|chika1235 ||05-26-2010 01:36 PM |
slowing down fast horse???
i have a 4yr old tn walker/quarter horse mix mare.she loves to go fast and i do too but im wanting her to slow down. i have never got her to lope at all and i have a very hard time trying to slow down her trot. she has a very fast bumpy and hard to ride trot. and at a gallop she is fast and unbalanced. i know that this is partly because of her being half walker but im going to show her soon and i would like to have her slowed down. ive been working on collection with her flexing,trotting over ground poles,and trying to get her softened up. she is very responsive to me but when i ask her to slow down he throws her head up. it isnt because of the bit because im using a snaffle on her.any help would be great!!
|Spyder ||05-26-2010 01:46 PM |
Originally Posted by chika1235
she loves to go fast and i do too
Part of your problem is here.
and at a gallop she is fast and unbalanced. i know that this is partly because of her being half walker
Not really...just an excuse, they can slow down with proper training.
but im going to show her soon and i would like to have her slowed down.
This takes time and you just can't decide to make the big effort this late and expect her to be ready for a show soon.
ive been working on collection with her flexing,trotting over ground poles,and trying to get her softened up. she is very responsive to me but when i ask her to slow down he throws her head up. it isnt because of the bit because im using a snaffle on her.any help would be great!!
No...it isn't because of the bit, but because you need a hands on coach watching and guiding you before any attempt at CORRECT collection to work.
|riccil0ve ||05-26-2010 02:28 PM |
What Spyder said. She knows her stuff.
I just want to add, POST SMALLER! Honestly, most every rider will post HUGE while trotting, which just encourages more movement from your horse while also throwing your lower leg off balance. So use your thigh muscles and post SMALL, your crotch should NOT come above the pommel of your saddle. Calm your mind, give her a little half-halt, and slow YOUR rhythm down.
|ilovetoride ||05-26-2010 02:41 PM |
We have a walker that has a beautiful slow lope, but in the last year we have lost it. I too, like to go fast and so does the mare. But I miss the slow rocking horse canter. All my cues were not working when she is in the gallop... check and release, 'easy, easy', etc.

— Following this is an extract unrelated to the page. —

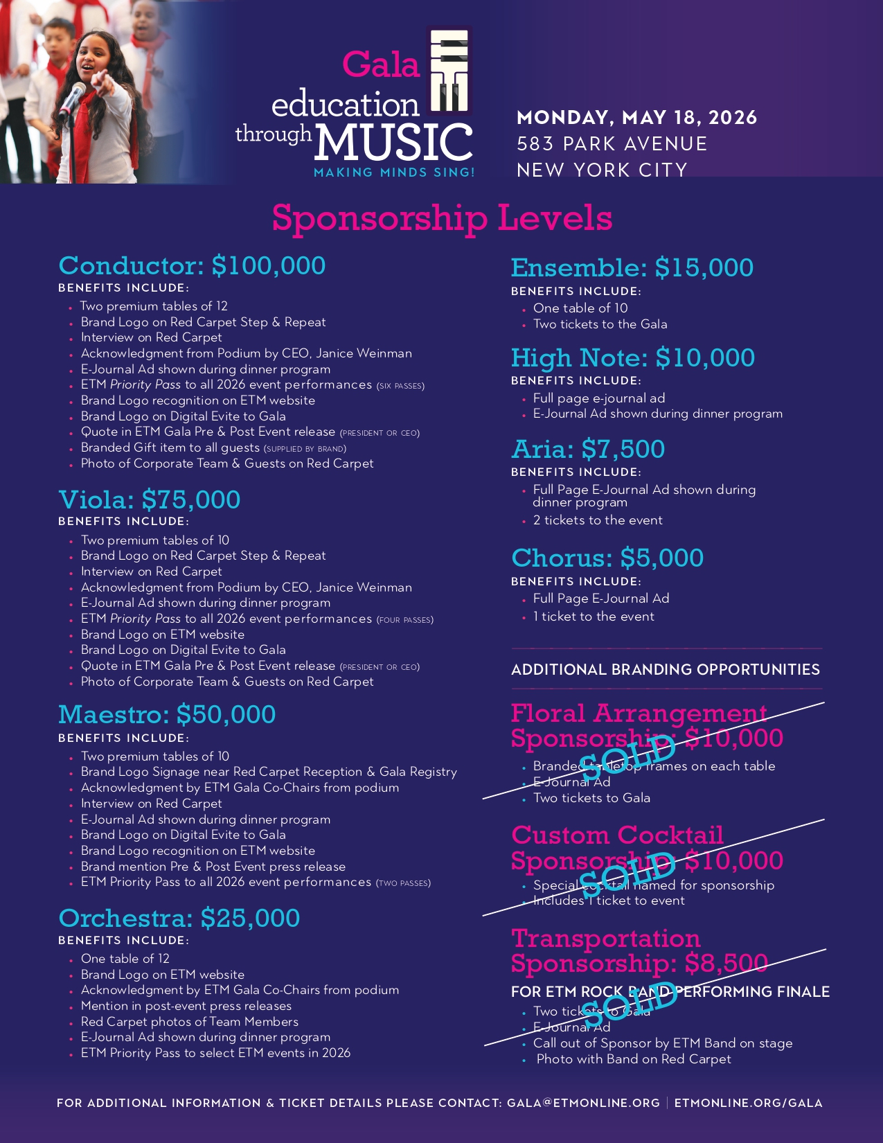 A cornerstone event for ETM, the Gala brings together industry leaders, supporters, and community members in celebration of the transformative power of music education.

My friend told me when she is in the gallop and I didn't ask for it to simply stop her. We have worked on this a couple of days -starting and stopping, starting and stopping... and she now is back to the slow lope I love. Hope that helps.
|flamingauburnmustang ||05-26-2010 03:04 PM |
This is actually very effective in controlling your horse's rythm and speed. I have been taught that when the horse is trotting too fast, instead of posting fast and going with the horse's movement, slow down your post and go against the horse's flow. This will unbalance the horse and the horse will usually try to match your posting so that they are balanced again.

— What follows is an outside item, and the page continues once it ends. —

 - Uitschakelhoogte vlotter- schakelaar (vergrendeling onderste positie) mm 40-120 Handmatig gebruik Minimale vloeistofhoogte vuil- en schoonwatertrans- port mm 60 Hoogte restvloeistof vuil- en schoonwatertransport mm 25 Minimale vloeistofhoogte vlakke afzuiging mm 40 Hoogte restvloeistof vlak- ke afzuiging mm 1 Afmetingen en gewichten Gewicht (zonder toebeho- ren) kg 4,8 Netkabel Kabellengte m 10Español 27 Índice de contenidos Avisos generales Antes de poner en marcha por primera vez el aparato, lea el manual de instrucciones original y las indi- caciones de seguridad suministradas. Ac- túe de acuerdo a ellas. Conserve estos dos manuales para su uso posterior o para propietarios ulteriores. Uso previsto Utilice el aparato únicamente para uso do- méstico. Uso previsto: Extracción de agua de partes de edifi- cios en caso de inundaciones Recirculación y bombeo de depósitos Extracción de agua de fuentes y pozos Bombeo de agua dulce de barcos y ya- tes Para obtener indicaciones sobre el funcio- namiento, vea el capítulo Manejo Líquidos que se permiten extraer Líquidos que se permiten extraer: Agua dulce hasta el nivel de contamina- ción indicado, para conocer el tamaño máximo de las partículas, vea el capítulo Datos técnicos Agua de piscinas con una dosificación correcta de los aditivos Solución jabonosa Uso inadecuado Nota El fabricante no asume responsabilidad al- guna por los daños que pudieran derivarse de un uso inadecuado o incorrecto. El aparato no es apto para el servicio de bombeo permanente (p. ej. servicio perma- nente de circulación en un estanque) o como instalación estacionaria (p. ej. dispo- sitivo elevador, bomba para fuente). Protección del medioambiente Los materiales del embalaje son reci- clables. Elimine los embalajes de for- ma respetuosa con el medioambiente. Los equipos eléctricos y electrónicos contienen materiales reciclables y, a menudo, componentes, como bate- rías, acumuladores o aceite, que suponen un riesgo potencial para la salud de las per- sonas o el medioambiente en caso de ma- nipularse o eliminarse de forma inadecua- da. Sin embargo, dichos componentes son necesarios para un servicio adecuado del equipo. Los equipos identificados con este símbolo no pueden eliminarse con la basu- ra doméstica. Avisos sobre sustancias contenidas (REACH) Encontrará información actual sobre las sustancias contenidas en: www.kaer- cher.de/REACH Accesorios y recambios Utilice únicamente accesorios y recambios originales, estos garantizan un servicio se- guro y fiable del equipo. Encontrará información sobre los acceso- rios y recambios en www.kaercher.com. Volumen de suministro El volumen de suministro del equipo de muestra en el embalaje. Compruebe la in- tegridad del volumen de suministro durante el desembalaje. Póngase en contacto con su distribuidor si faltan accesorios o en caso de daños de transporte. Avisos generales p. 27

I suggest you try this, along with some major chilling sessions with your horse. I am busy doing this with Night Heat at the moment because she is rather crazy in her head at the moment, and for a month I'm going to do some chilling schooling sessions to try and get her whole concentration.
Have you had a look at her feed? The feed can also make a major difference in a horse. :wink:
|LoveStory10 ||05-26-2010 03:10 PM |
Try half - halting, that usually works me :)
|kevinshorses ||05-26-2010 03:33 PM |
Start slowing down at the walk before you try slowing down the trot or lope. You will find that she doesn't respond well at the walk. Ask her to slow down and don't release until her feet slow down. She may throw her head but don't give until she slows her feet. Repeat at all gaits.
|5cuetrain ||05-29-2010 05:59 PM |
Comes down to gaining control of her feet. Seat pressure controls tempo--or posting if you do that.
Work on changing tempo with seat pressure. Learn about it if you don't already know.
Stopping a horse, well. Usually i want the horse to think "back up". Makes for a better stop in the long run. Controlling tempo and stride are usually the result of a good training program. One of the last phases of gaining control of their feet.
|erikaharmony ||05-29-2010 06:09 PM |
When i first got my horse all she was used for was barrels and wasn't trained very well. She was moody and did not pay attention to me while riding, when i tried to do anything with her she would just go and getting her back to me was a mission. A year later i have worked with her and she still has her times where she doesn't want to hear any of it but i worked on connecting to her face so she can feel supported, a horse being unbalanced i don't think has anything to do with the breed, it takes training and training on your part to. You need to find your balance on her to help her find her balance. Connect to her face so when you ask her to trot or canter she can feel you holding her so she can extend out and not get unbalanced from trying to hold her self up. This will also help her collect and frame. Usually a horse tends to speed up because they are unbalanced. Atleast thats what my horse was doing.
|Cougar ||05-29-2010 06:30 PM |
What also helps you to post smaller and slower is counting out loud to yourself. It may make you feel silly but it's really helpful in the starting stages when you are trying to break an old habit. Five years ago I was working on this with Cougar and I felt pretty goofy. It worked.